Gerçek bir teorik fizikçinin (Kip Thorne) senaryo danışmanı ve yapımcı olarak görev aldığı film, sorduğu büyük soruların cevabını, bu tembel, çiğ, klişe, kaçamak Hollywood yoluyla veriveriyor.
Bu “sürpriz son”, bütün bilimsel açıklamaları merak ve iştahla dinlediğimiz ilk iki saati anlamsız kıldığı gibi, sunum olarak da zayıf kalıyor. McConaughey’nin kızı rolündeki Jessica Chastain’in abartılı / anlamsız hareketler eşliğinde, çoğunlukla bir kitaplığa bakarak ve düşünerek geçirdiği, uzaydaki gergin sahnelerle tuhaf biçimde iç içe kurgulanmış, bitmek bilmeyen bir üçüncü perdeyle ulaşıyor film çözülme noktasına; öyle ki o noktada, artık neredeyse umursamıyorsunuz. Onun da öncesinde, adı afişte yer almayan ünlü bir oyuncunun canlandırdığı sürpriz karakter ve oluşturduğu yan hikâye de, filmin orta kısmını sarkıtmaktan başka bir şeye hizmet etmiyor.

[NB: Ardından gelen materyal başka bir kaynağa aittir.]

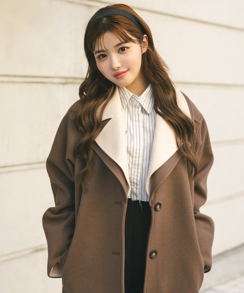 参考商品名:レイヤード風バイカラーロングコート

Senaryoda bilimin henüz aşamadığı bir duvara ulaşan Christopher Nolan, gizemli bir son yerine, ucuz bir sonu yeğlemiş.
Bir seyirci olarak, gerçek ama eğreti bir son yerine, gizemli ve açık bir sonu tercih edeceğim gün bugünmüş demek.
[/SPOILER]
Interstellar, 2008 yılına kadar Jonathan Nolan’ın tek başına yazdığı ve Steven Spielberg’ün yöneteceği bir filmdi. O filmi asla göremeyeceğiz ama, yukarıda şikâyet ettiğim detayların orijinal senaryoda ne şekilde yer aldığını, daha doğrusu yer almadığını, bir başka yazıda aktaracağım.